:: Exercise instructions ::
Reproduce all of the records word for word, omitting the pictures.

......

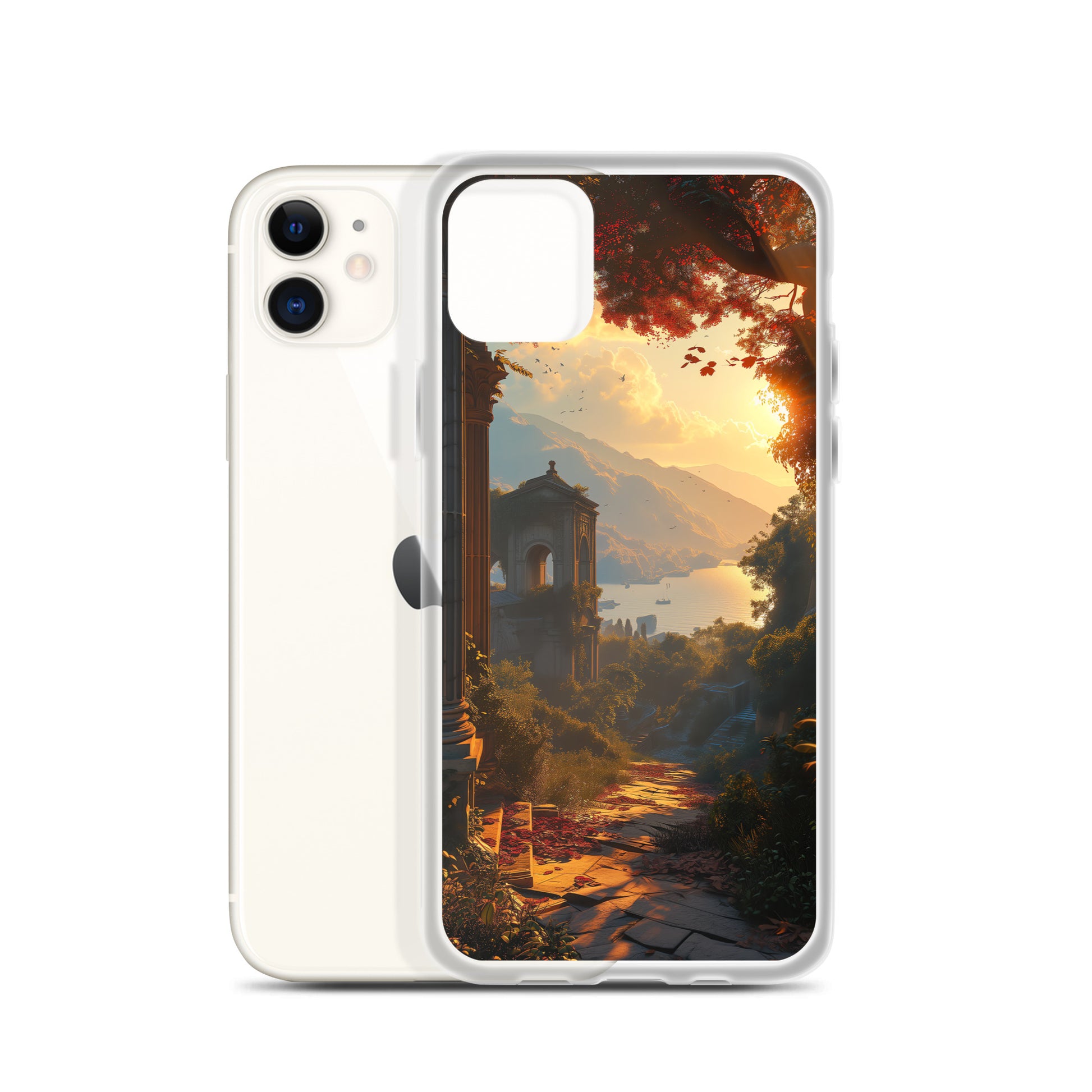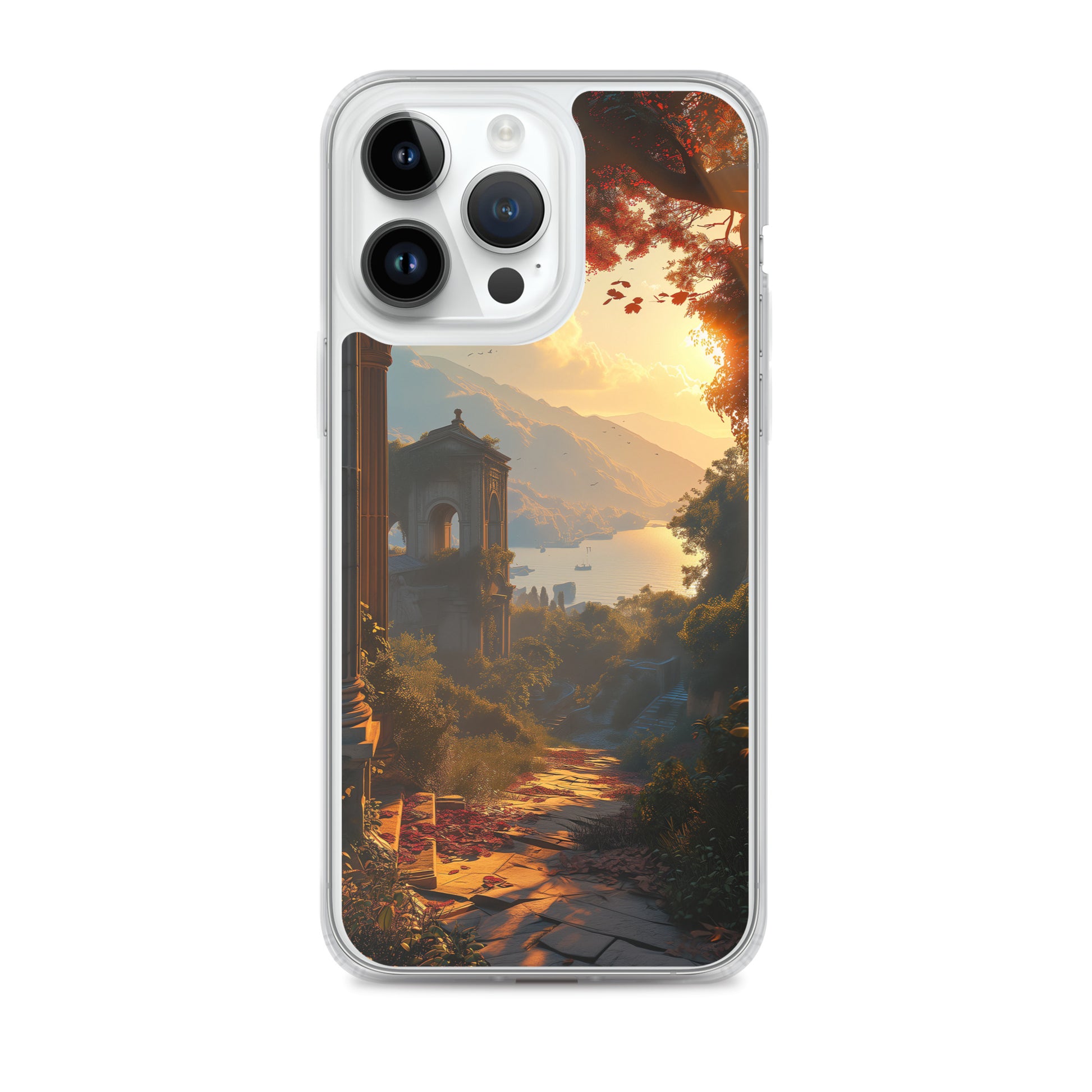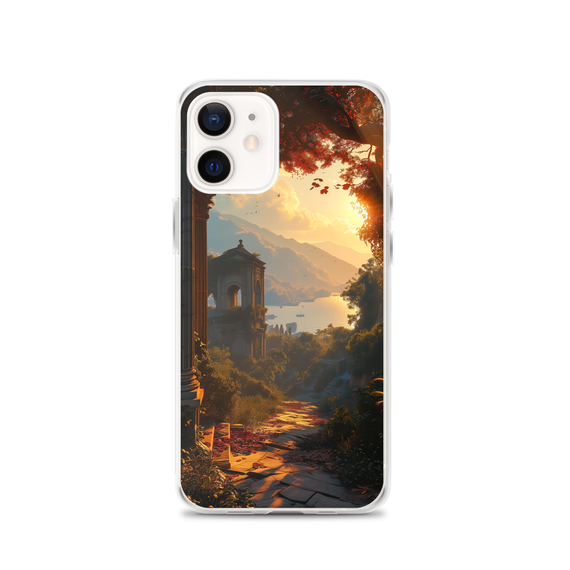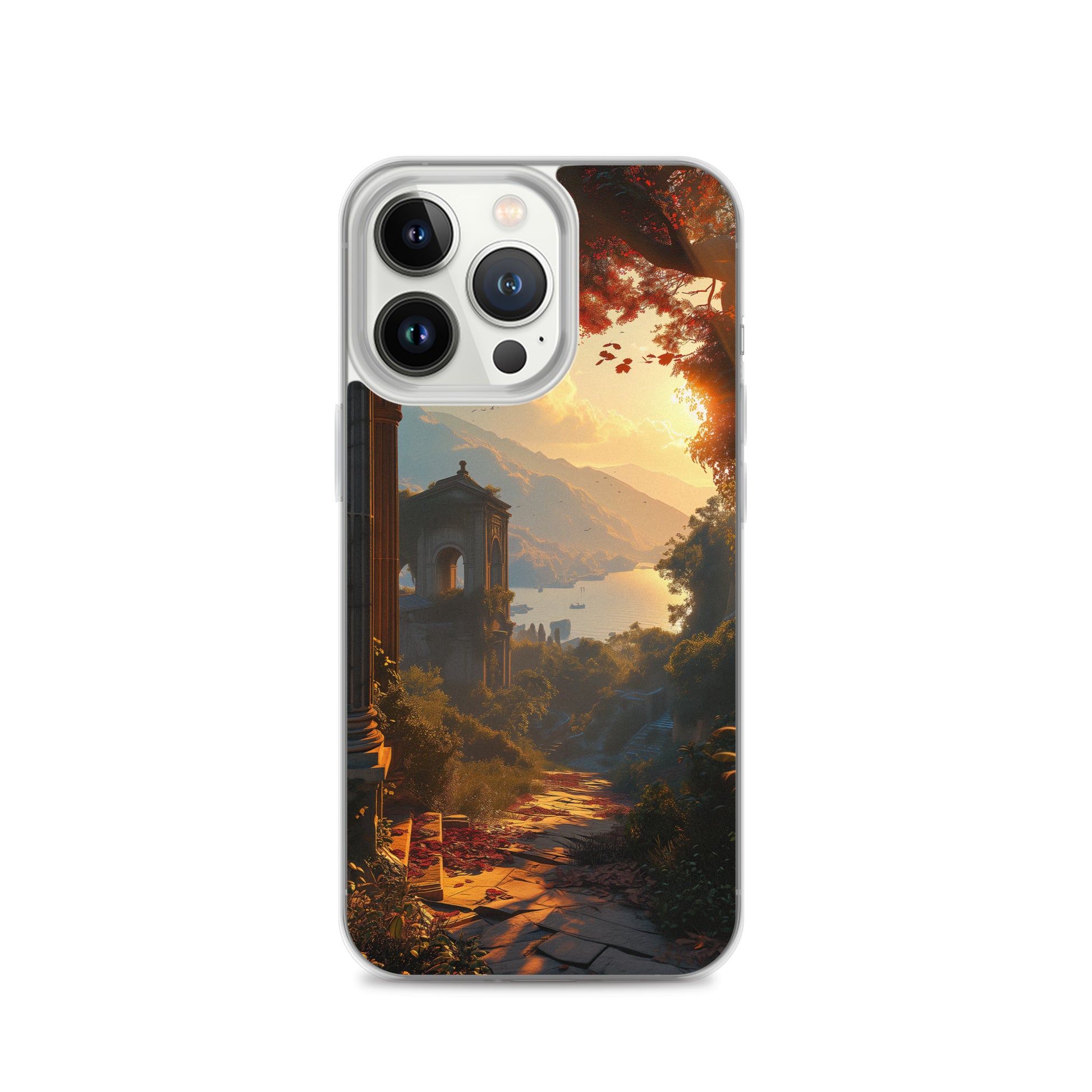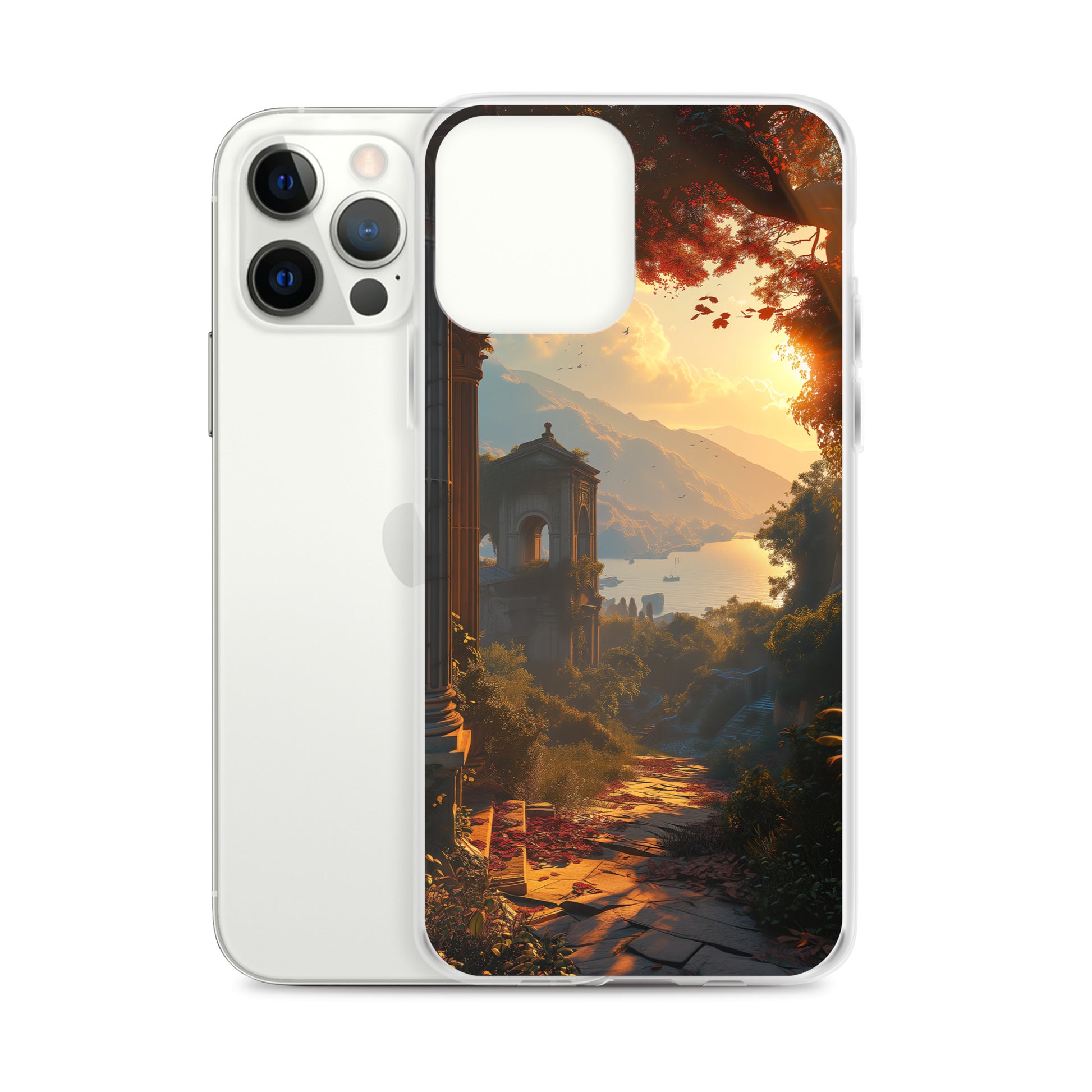 Sunset Over Sanctuary is an evocative design that portrays the tranquil beauty of an ancient temple at golden hour. The soft sun rays cascade through the foliage and classical architecture, highlighting the path to the sea beyond. This stunning piece captures the romance of old-world charm blended with the serene majesty of nature, making it a sublime addition to any collection. It's perfect for those who appreciate the spiritual beauty and the peaceful ambiance of sunset landscapes.
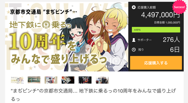 10周年を迎えた京都の地下鉄PRコンテンツ「地下鉄に乗るっ」のクラウドファンディングに約450万円の支援が集まり、話題となっています。
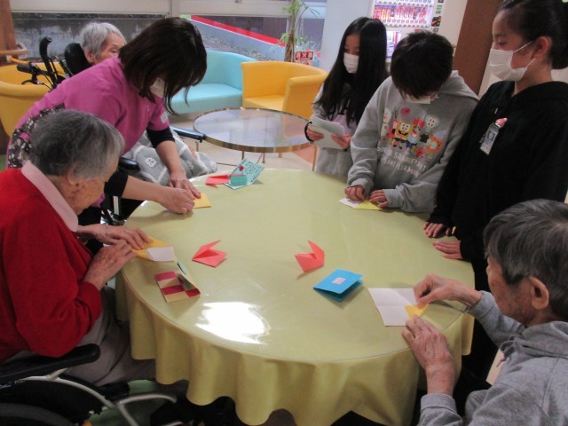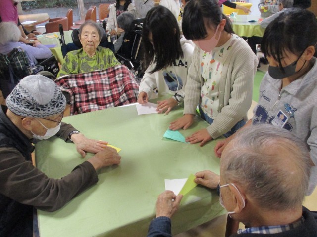 4年生がラナシカ乙金を訪問しました。 1組は折り紙、2組は歌、3組は昔遊び、4組は体操と、各クラスごとに工夫した活動をラナシカのみなさんと一緒に楽しみました。
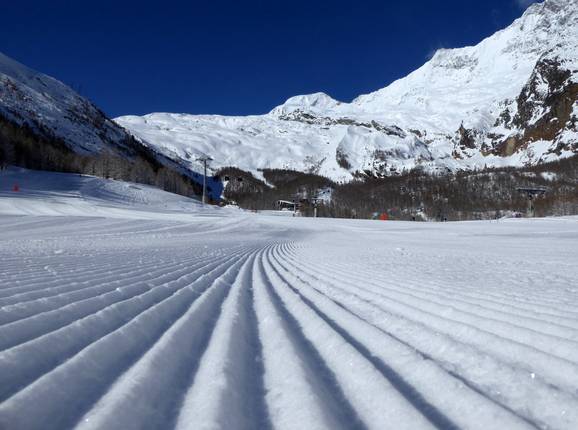 Trotz der enormen wetterbedingten Einflüsse am Mittelallalin sind die Pisten immer in einem sehr guten Zustand.
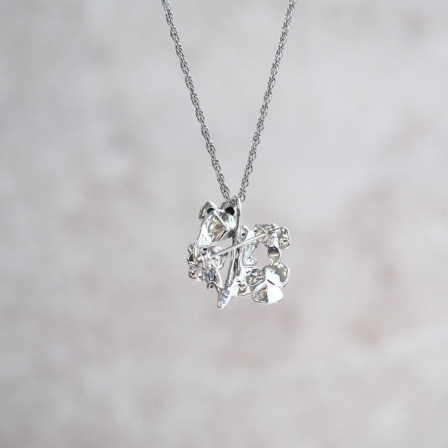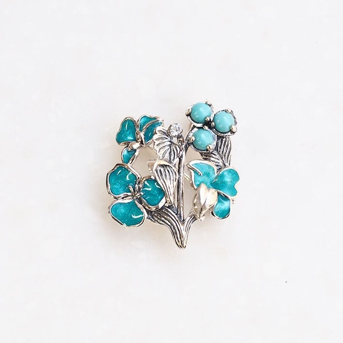 呢款吊咀胸針嘅設計靈感來自被稱為「花之拉斐爾」嘅畫家皮埃爾·約瑟夫·盧杜特繪畫嘅「露草」植物畫,以需要高度精確嘅植物畫手法展現充滿情感嘅細膩美麗,色彩繽紛而可愛。皮埃爾·約瑟夫·盧杜特係18世紀後期到19世紀中期喺法國活躍嘅宮廷畫家,以「玫瑰畫家」同「花卉畫家」聞名,佢曾得到瑪麗·安東妮同拿破崙皇后約瑟芬嘅賞識,留低咗大量優雅花卉作品。佢透過高超嘅銅版畫技術同細膩嘅手工上色表現花卉,使作品細緻而洗練,亦具有藝術性,被高度評價為博物圖譜。呢件作品選用同綠松石清新藍色相配嘅稍深而寶石無法呈現嘅鮮明藍色琺瑯,多次試作完成。仔細睇,藍色琺瑯入面含有細微閃粉,呈現出單靠深藍色無法達到嘅高貴色澤。葉面上刻畫嘅葉脈紋理,加上琺瑯光澤嘅立體感,營造對比效果,使作品更加美麗。雖然細小,但用清晰色調藍色組合嘅首飾,可以作為搭配嘅點綴佩戴。

......

:: Answer to this exercise ::
 Sunset Over Sanctuary is an evocative design that portrays the tranquil beauty of an ancient temple at golden hour. The soft sun rays cascade through the foliage and classical architecture, highlighting the path to the sea beyond. This stunning piece captures the romance of old-world charm blended with the serene majesty of nature, making it a sublime addition to any collection. It's perfect for those who appreciate the spiritual beauty and the peaceful ambiance of sunset landscapes.
 10周年を迎えた京都の地下鉄PRコンテンツ「地下鉄に乗るっ」のクラウドファンディングに約450万円の支援が集まり、話題となっています。
 4年生がラナシカ乙金を訪問しました。 1組は折り紙、2組は歌、3組は昔遊び、4組は体操と、各クラスごとに工夫した活動をラナシカのみなさんと一緒に楽しみました。
 Trotz der enormen wetterbedingten Einflüsse am Mittelallalin sind die Pisten immer in einem sehr guten Zustand.
 呢款吊咀胸針嘅設計靈感來自被稱為「花之拉斐爾」嘅畫家皮埃爾·約瑟夫·盧杜特繪畫嘅「露草」植物畫,以需要高度精確嘅植物畫手法展現充滿情感嘅細膩美麗,色彩繽紛而可愛。皮埃爾·約瑟夫·盧杜特係18世紀後期到19世紀中期喺法國活躍嘅宮廷畫家,以「玫瑰畫家」同「花卉畫家」聞名,佢曾得到瑪麗·安東妮同拿破崙皇后約瑟芬嘅賞識,留低咗大量優雅花卉作品。佢透過高超嘅銅版畫技術同細膩嘅手工上色表現花卉,使作品細緻而洗練,亦具有藝術性,被高度評價為博物圖譜。呢件作品選用同綠松石清新藍色相配嘅稍深而寶石無法呈現嘅鮮明藍色琺瑯,多次試作完成。仔細睇,藍色琺瑯入面含有細微閃粉,呈現出單靠深藍色無法達到嘅高貴色澤。葉面上刻畫嘅葉脈紋理,加上琺瑯光澤嘅立體感,營造對比效果,使作品更加美麗。雖然細小,但用清晰色調藍色組合嘅首飾,可以作為搭配嘅點綴佩戴。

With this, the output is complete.